PARVOVIRUS B19 RELATED CYTOPENIA IN A PATIENT WITH ACUTE LYMPHOBLASTIC LEUKEMIA

Case Presentation: A 27 y.o. male with a history of pre-B cell ALL in complete remission on maintenance therapy with vincristine, 6-mercaptopurine, methotrexate, and receiving intrathecal methotrexate for CNS prophylaxis presented with a 2 week history of fevers, productive cough, night sweats, and fatigue. He had no recent exposure to children or sick contacts. Physical exam was notable for tachycardia, fever of 103oF, and pallor, with otherwise unremarkable pulmonary exam. On admission, labs were notable for WBC was 0.9×103 with an absolute neutrophil count of 738, Hb 6 g/dL, and platelets 169×103 (baseline: WBC 3.5-4 x103, Hg 14 g/dL, and platelets 225 x103). Reticulocyte index was 0.02. A chest CT revealed diffuse ground-glass opacities. A bone marrow biopsy revealed a hypocellular marrow with widespread, enlarged erythroblasts with intranuclear ground glass inclusions and chromatin margination in a background of erythroid hypoplasia characteristic for PB19. There was no evidence of leukemia. Infectious evaluation for respiratory viruses, endemic and opportunistic fungi, including diagnostic bronchoscopy with bacterial, viral, fungal and pneumocystis testing, was otherwise negative. Following return of characteristic bone marrow biopsy findings and progressive hypoxia on hospital day 6, 2 g/kg over 5 days IVIG therapy was initiated. He was further supported with RBC transfusions, folic acid, and cyanocobalamin. His fevers quickly abated and pulmonary symptoms improved. A serum parvovirus DNA PCR obtained on admission subsequently returned as positive.

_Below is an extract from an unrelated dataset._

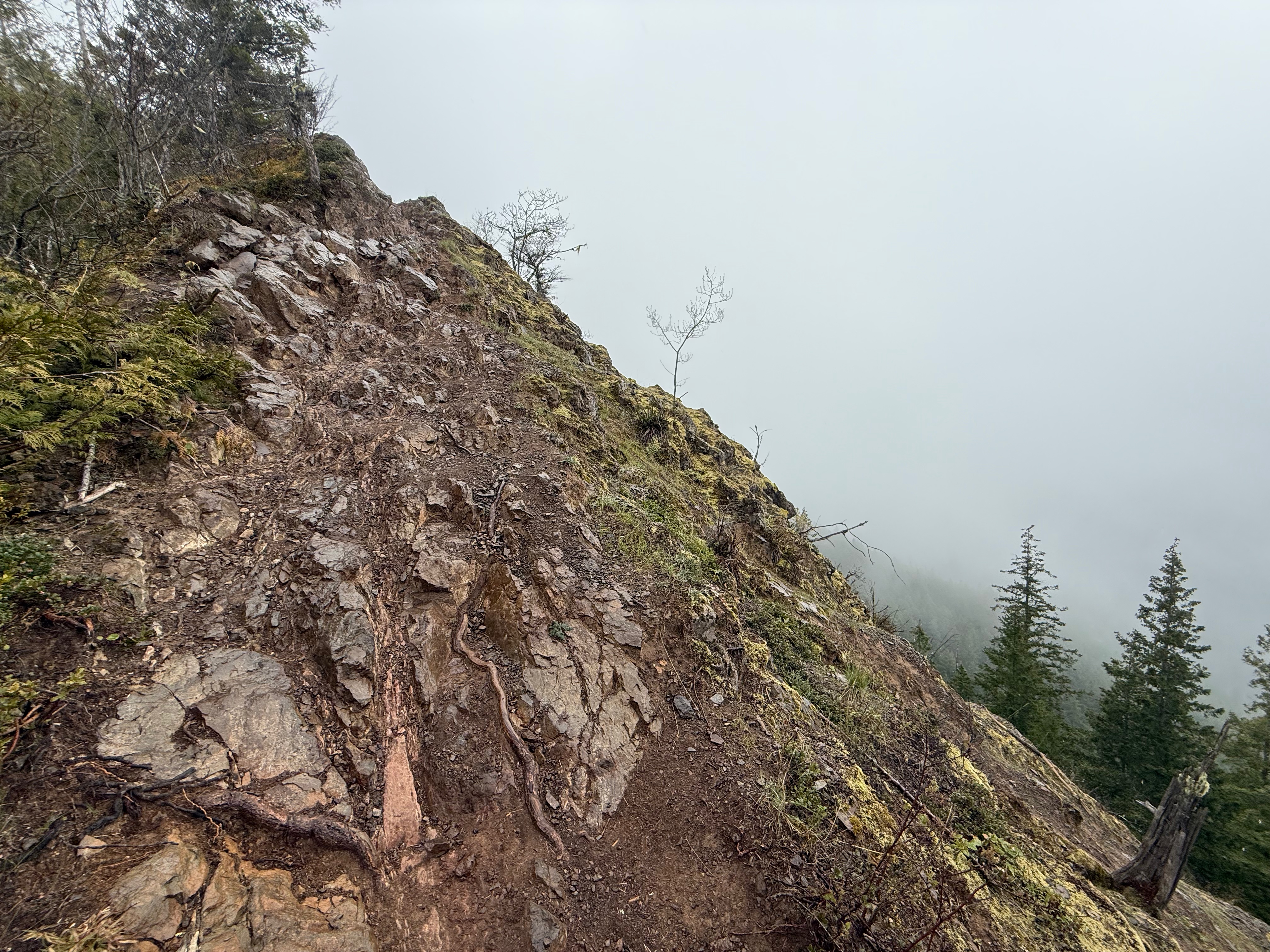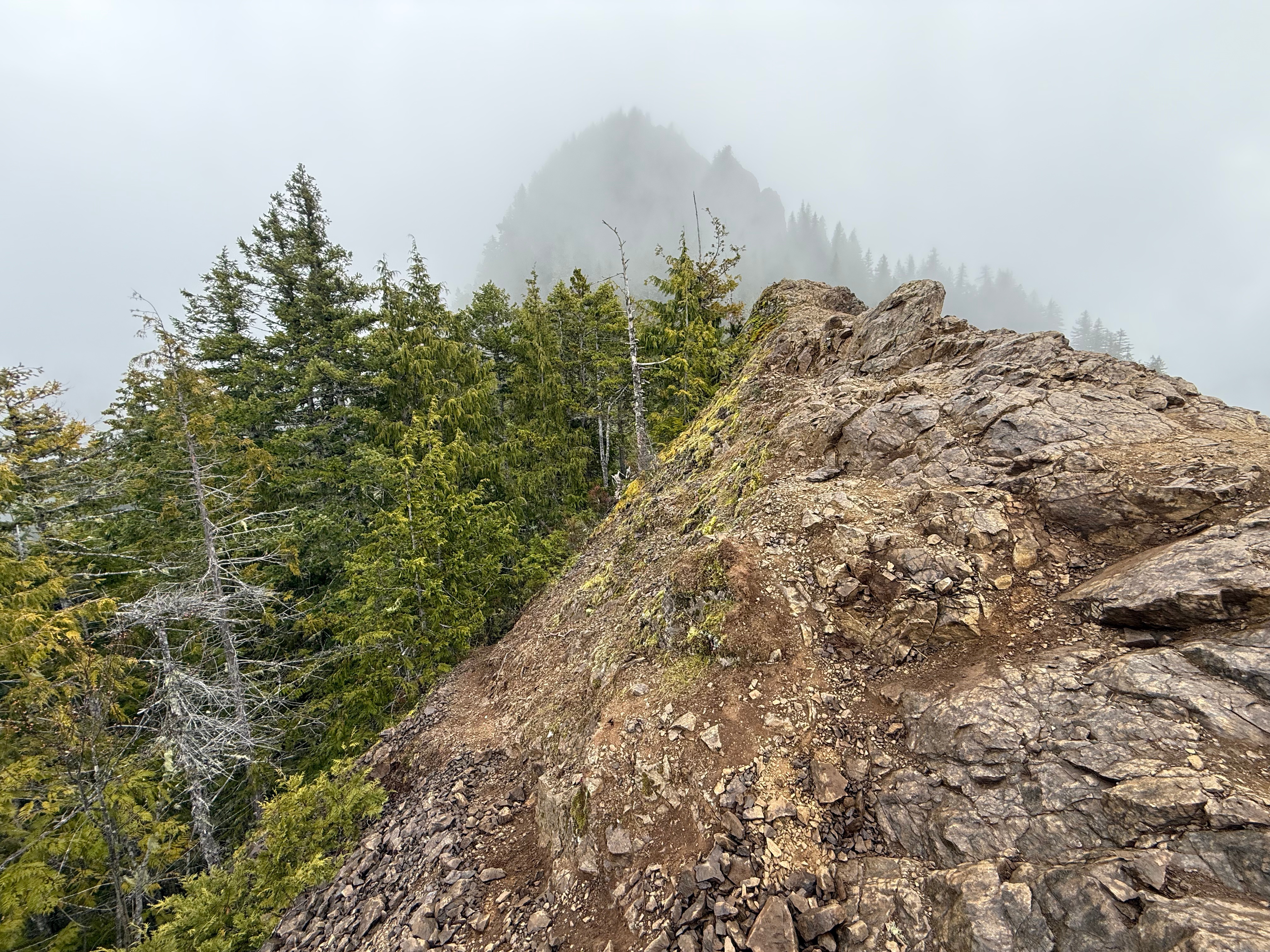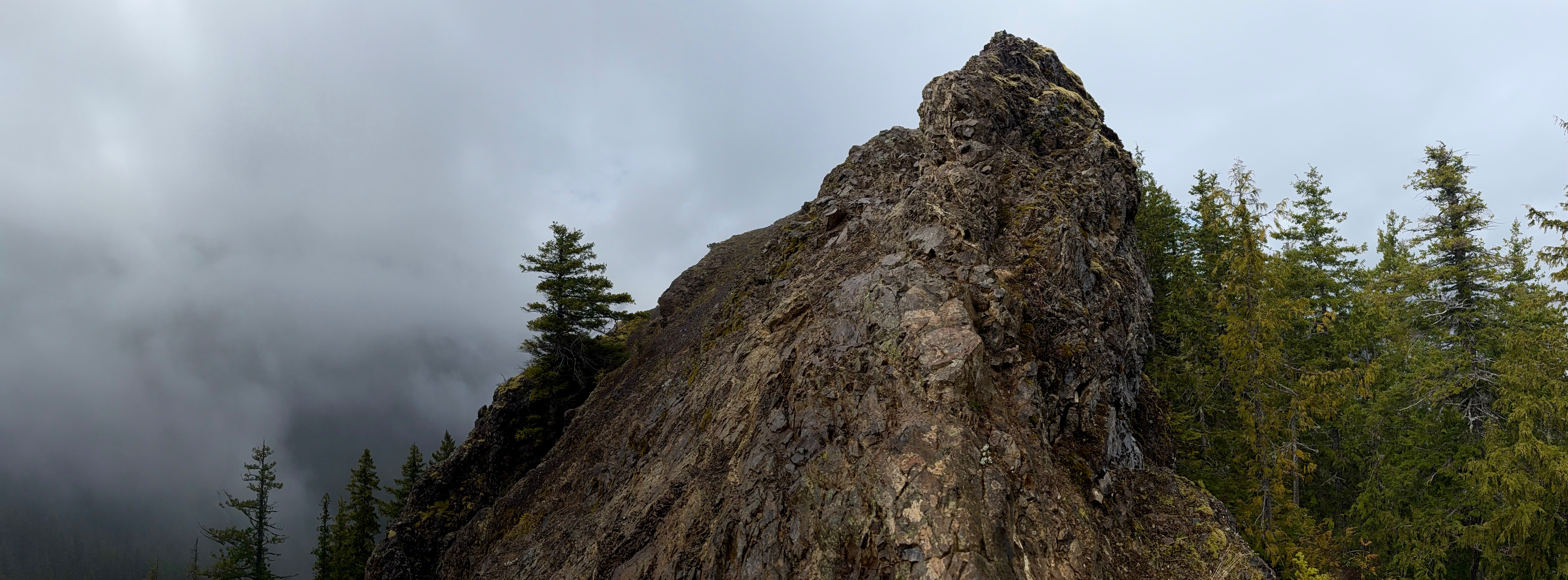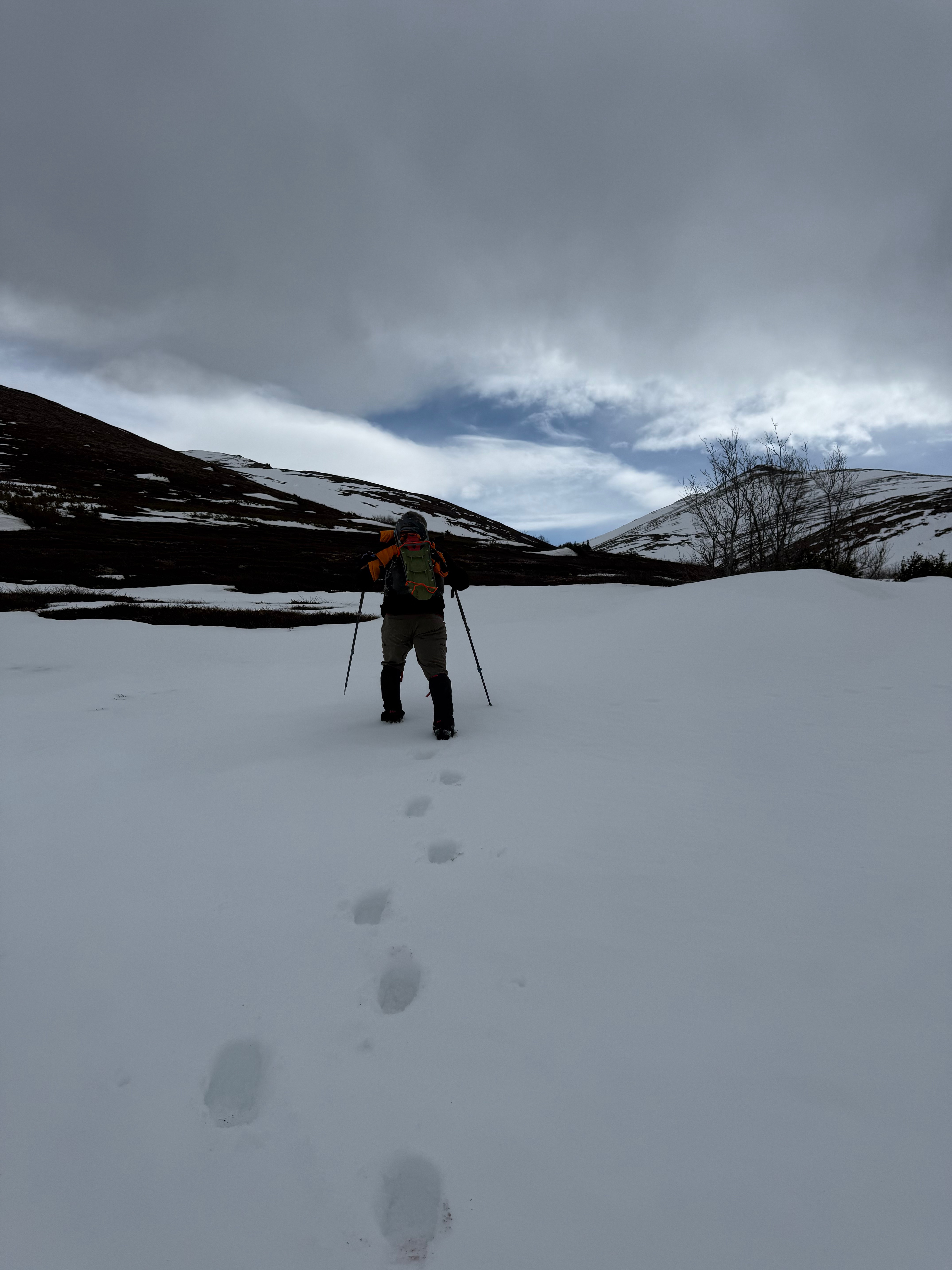 We snapped a few summit photos and turned northwest toward our next goal: Kanchee Peak. While many GPX tracks on Gaia and Peakbagger show a direct ridge route to Kanchee, we chose to retrace our steps about a quarter mile and follow a less exposed, less scrambly path along the north slope of Knoya’s false summit. The snow stopped suddenly, but the clouds lingered.

Discussion: Parvovirus B19 (PB19) presentation and severity varies depending on the immune and hematologic status of the host, ranging from erythema infectiosum or transient polyarthropathy in immunocompetent patients to transient aplastic crisis in individuals with hemaglobinopathies. In immunosuppressed patients, PB19 can present with a pure red-cell aplasia, chronic anemia, with rare involvement of other cell lines. Pulmonary manifestations are exceedingly rare, with only several case reports published. The case presented was unique, being an adult with acute lymphoblastic leukemia (ALL) who presented with PB19 manifested by fevers, agranulocytosis, anemia, and pneumonia responsive to intravenous immunoglobulin (IVIG) therapy.

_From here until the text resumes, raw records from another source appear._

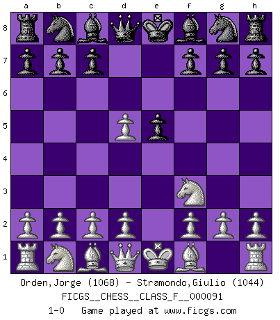 Last move : 1-0 2011 March 14 0:14:51 [Event "FICGS__CHESS__CLASS_F__000091"] [Site "FICGS"] [Date "2011.01.30"] [Round "1"] [White "Orden,Jorge"] [Black "Stramondo,Giulio"] [Result "1-0"] [WhiteElo "1068"] [BlackElo "1044"] 1.e4 e5 2.Nf3 d5 3.exd5 1-0 This chess game has been lost on time (started : 2011.01.30 8:23:45) QP counter-gambit (elephant gambit) Player White won this chess game. Follow this game move after move (download)Those who say they understand Chess, understand nothing. (Robert Hubner) Herr Iljumschinow ist ein etwas merkwürdiger Geschäftsmann: Er arbeitet zusammen mit Leuten wie Muammar al-Gaddafi; früher ist das Saddam Hussein gewesen. (Joel Lautier) Uno no tiene que jugar muy bien, es suficiente jugar mejor que el oponente. (Siegbert Tarrasch) Aidez vos pièces, elles vous aideront. (Paul Morphy) I've never seen so many men wasted so badly. (Blondie in The Good, The Bad and The Ugly)
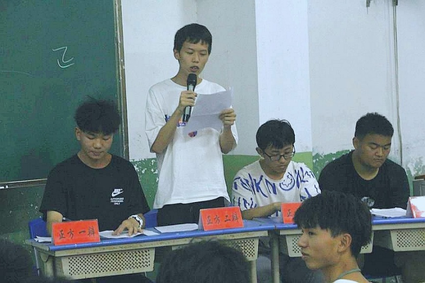 为了丰富同学们的校园生活,活跃校园气氛,促进Beat365官网学生之间的友好关系,提高同学们的辩论水平、语言组织能力和逻辑思维能力,体现大学生风华正茂的精神状态,6月5日晚19点30分,Beat365官网在教一210教室举行了一场辩论表演赛。
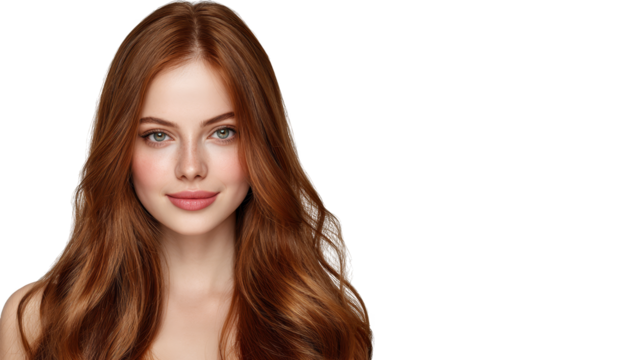 Elegant woman with long, flowing hair in a pink dress, studio portrait capturing beauty and style.
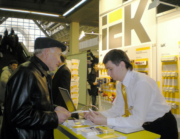 Стенд компании удобно расположен у начала выставочной экспозиции. Посетители и участники выставки могут познакомиться с силовым электротехническим оборудованием, модульной, сигнальной и другой аппаратурой, выпускаемой под торговой маркой IEK. Как показал первый день работы выставки, наибольший интерес вызвали трансформаторы тока ТТИ, автоматические выключатели ВА88, предохранители плавкие ППНИ и другие электротехнические аппараты. Выставка продлится до 1 декабря.
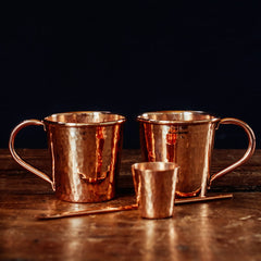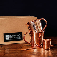This copper Moscow Mule gift set is an ideal gift for any Moscow Mule enthusiast. The set includes two copper-handled mule mugs, a two-ounce copper shot glass, a nine-inch bar spoon, and a Butler bell. Not only that, but it also comes with a pinstriped recycled paper gift box to make it that much more special. This set is perfect for entertaining or enjoying a Moscow Mule on a special occasion. Give the gift of tradition and style with this unique set.
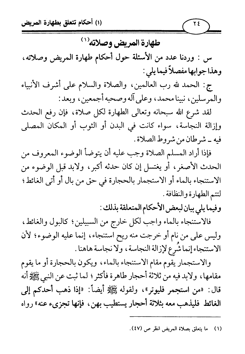 (¬1) ما يتعلق بصلاة المريض، انظر ص47.

Conclusions: PB19 has been reported as a cause of unexplained cytopenias in children undergoing treatment for ALL. However, its frequency in similar adult populations is not described. Additionally, this patient had unique manifestations with pneumonia and atypical cytopenias. This case highlights the variability in clinical presentation and importance of considering B19 in immunosuppressed patients presenting with fevers and unexplained cytopenias. Treatment with IVIG resulted in marked clinical improvement. Improvement in reticulocytopenia may herald recovery and may have utility in monitoring recovery.